# Planning permission for leasehold property



## galleryman (9 Feb 2009)

My house is leasehold (over 100yrs left on lease). If i want to do some building work, as well as applying for planning permission do I need to seek permission from the leaseholder?


----------



## MOB (9 Feb 2009)

You do not need permission to apply for the planning.

There could be circumstances in which your lease technically obliges you to get permission for alterations ( and such obligations are frequently ignored - but check with your solicitor to be safe), but you can certainly go ahead with planning application anyway.

Probably best in long term to buy out your freehold.  Many people do this through the land registry without using a solicitor.  Check the land registry website for details under 'ground rents'


----------



## galleryman (9 Feb 2009)

Thanks MOB,

Buying out the leasehold sounds like a good idea. Is there any formula or benchmark for calculating the cost? I have no idea if it would cost €100's €1,000's or €10,000's. Any idea?


----------



## MOB (9 Feb 2009)

It's small enough money, given that most ground rents or only a few quid per annum.

About 30 times annual rent would be normal.  It varies cyclically with the yield on government securities ( as best I recall the idea is that you pay a capital sum such as would buy government bonds which would yield the equivalent of the ground rent; )


----------



## galleryman (9 Feb 2009)

many thanks


----------



## twofor1 (10 Feb 2009)

galleryman said:


> Thanks MOB,
> 
> Buying out the leasehold sounds like a good idea. Is there any formula or benchmark for calculating the cost? I have no idea if it would cost €100's €1,000's or €10,000's. Any idea?



 I bought mine out for 7.5 times my annual ground rent of €23, so €172.50 plus a fee of €30. Then a further fee of €50 to have the vesting certificate registered in Registery of Deeds. In my case anyway that’s all it cost.

  It was a simple process but lengthy. It took over a year to get the signed consent form from landlord here and in my case there was a head landlord in England who also had to sign the consent.  When everything was sent in it took a further 4/5 months until I received the vesting cert.

  Land Registery were very helpful and approachable.

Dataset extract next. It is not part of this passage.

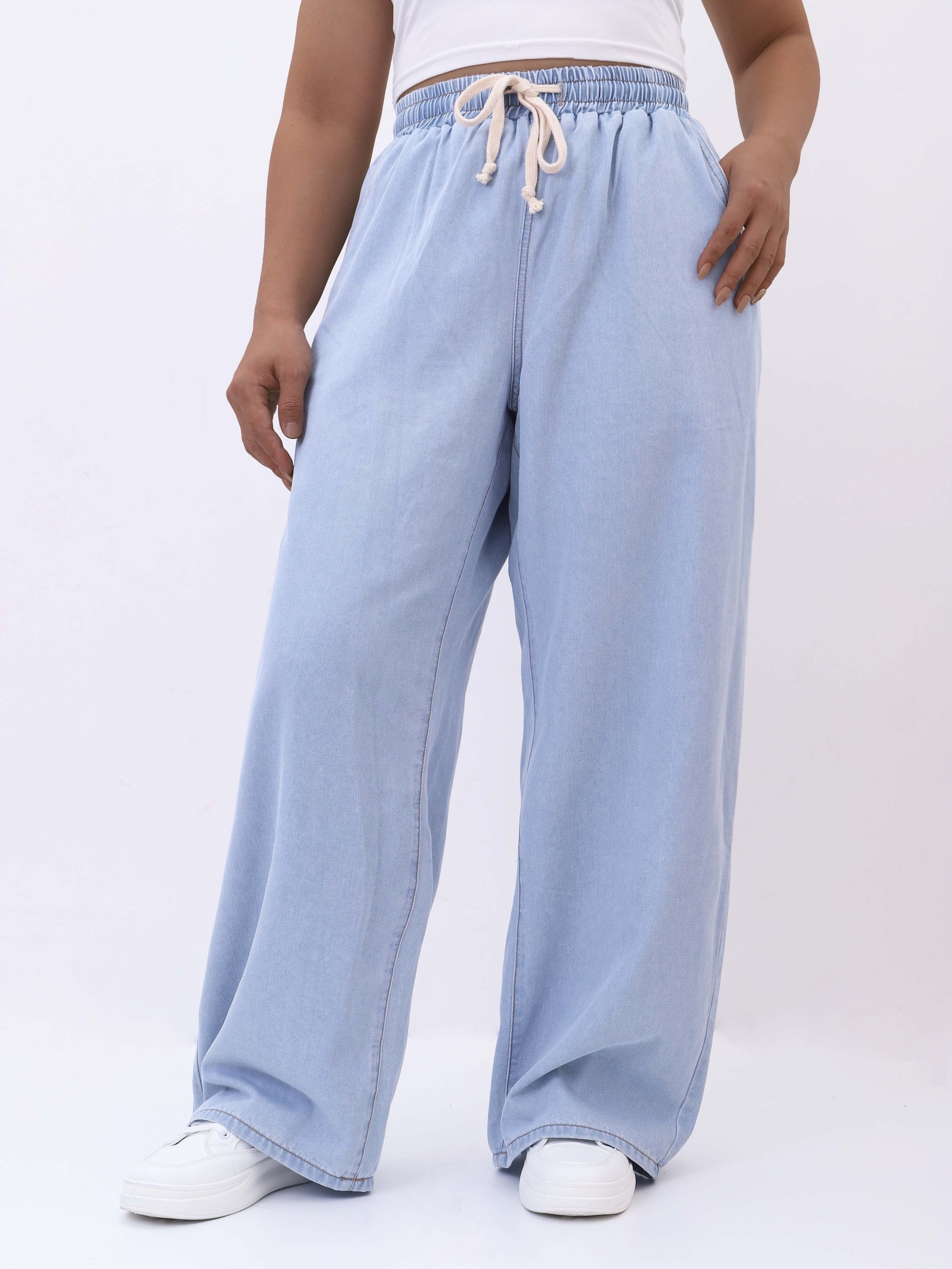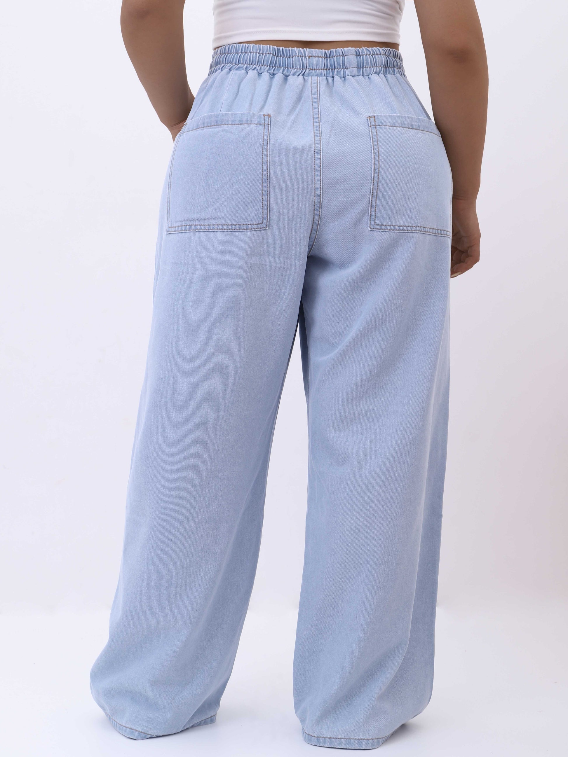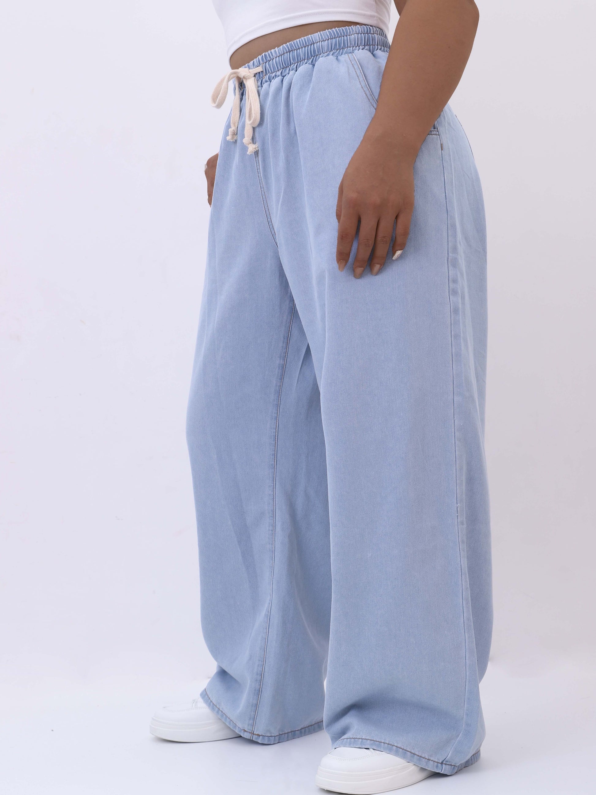 Ayollar uchun plussiz keng oyoqli jinsilar, yuqori bel, tortish qismi, bahor/kovak uchun bir rangli denim.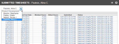 | Beschreibung | Zeigt eine Liste der eingereichten Stundenzettel nach Mitarbeiter an. Siehe Eingereichte Stundenzettel verwalten. |

http://www.landregistry.ie/eng/Grou...nd_Rents_Purchase_Scheme_Explanatory_Leaflet/


----------



## galleryman (10 Feb 2009)

sounds good, thanks for that. I don't really have the time to do all the forms etc so for me it's worth while paying my solicitor to handle this, as long as it's a few hundred € in fees and not a couple of thousand €.   Besides, I still have a mortgage so I presume that I would need my solicitor to take up the title deed from my bank, they won't give it to me directly.


----------